Thomas has been described as someone who at times "toyed with opposition to Hitler's war" but who fundamentally was a "ruthless pragmatist" whose only concern was "Germany's future as a great power". He was deeply involved in the making of Nazi policy for the occupied Soviet Union, which was to exploit the resources of the country for the benefit of Germany and the German armed forces, at the expense of the deaths by starvation of millions of people. This became known as the Hunger Plan. Thomas worked closely with Herbert Backe, the de facto chief of Nazi agriculture, in developing this plan. On 2 May 1941, Thomas held a meeting to review the strategy. An internal Wehrmacht memorandum prepared by his staff described this policy and acknowledged that "if we take what we need out of the country, there can be no doubt that many millions of people will die of starvation". This memorandum has been described as,

...one of the most extraordinary bureaucratic records in the history of the Nazi regime. In far more unvarnished language than was ever used in relation to the Jewish question, all of the major agencies of the German state agreed to a programme of mass murder, which dwarfed that which Heydrich was to propose to the Wannsee meeting nine months later.

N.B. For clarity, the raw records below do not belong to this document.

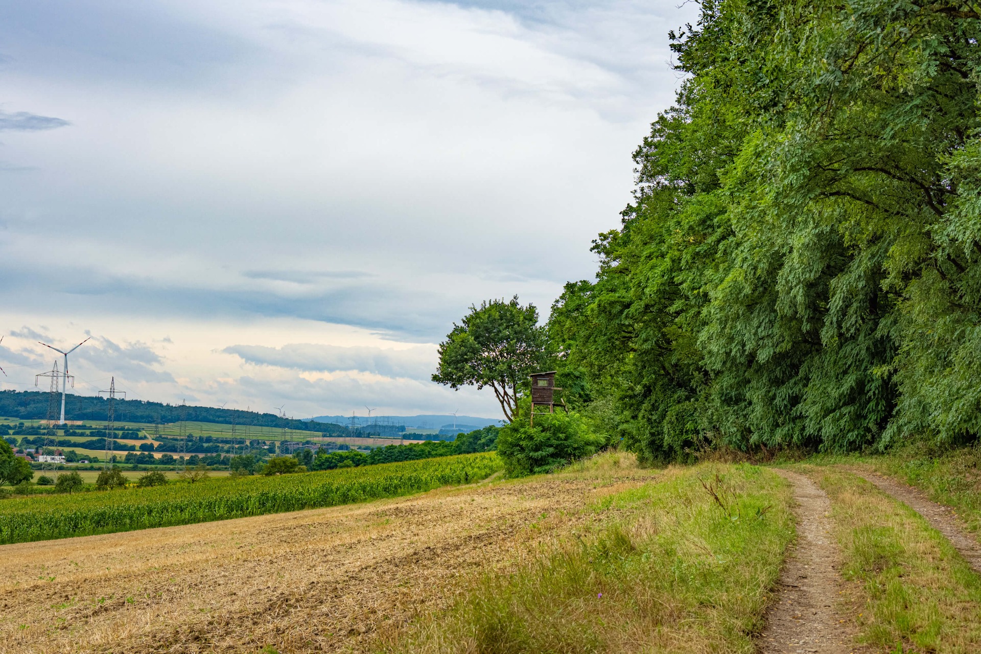 Die Natur gedeiht und blüht, der Wind stürmt und die ersten zaghaften Regentropfen fallen vom Himmel. Ein Reh sucht das Weite. Wir genießen die Ruhe. Ziehen die frische Luft in unsere Großstadtlungen. Und siehe da, ein Wanderer überholt uns und wundert sich, dass er jetzt nicht mehr der Letzte für den heutigen IVV-Wandertag auf der blauen Strecke ist.
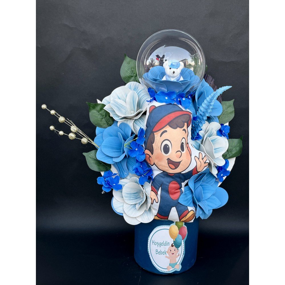 Yeni doğan erkek bebeğin mutluluğunu modern ve şık bir sunumla ifade eden Silindir Kutuda Erkek Bebek Doğum Çiçeği, zarif tasarımı ve sevimli erkek bebek figürüyle özel anlara anlam katar. Silindir kutu formu sayesinde hem estetik hem de dekoratif bir görünüm sunan bu aranjman, uzun süre hatıra olarak saklanabilir.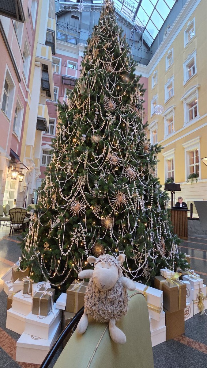 Овца Борис совсем недавно вернулся в Москву, но уже скучает по Петербургу и любимым отелям украшенным к праздникам. В Гранд Отеле Европа всё по старинке, в самом хорошем смысле слова) Высоченная ёлка стоит в атриуме отеля, декорирована жемчужными бусами и блестящими игрушками. В воздухе витает ощущение Андерсеновской сказки, того и гляди, из-за угла выбегут Кай и Герда) #елкиВотелях2026 #грандотельевропа

The historian, Christopher Browning, wrote that on 2 May 1941, the state secretaries of various ministries met with Thomas and agreed to make it a priority to supply the army with food from Russia and to ship other essential agricultural products, including grain, to Germany. "In doing so" Thomas's protocol laconically stated, "umpteen million people will doubtless starve to death, if we extract everything necessary for us from the country". While the memorandum did not estimate how many millions would die, Backe stated that the "surplus population" of the Soviet Union was 20 to 30 million. German policy for the invasion, and instructions to the troops, were deliberately calculated either to kill these 20 to 30 million through starvation or force them to flee to Siberia.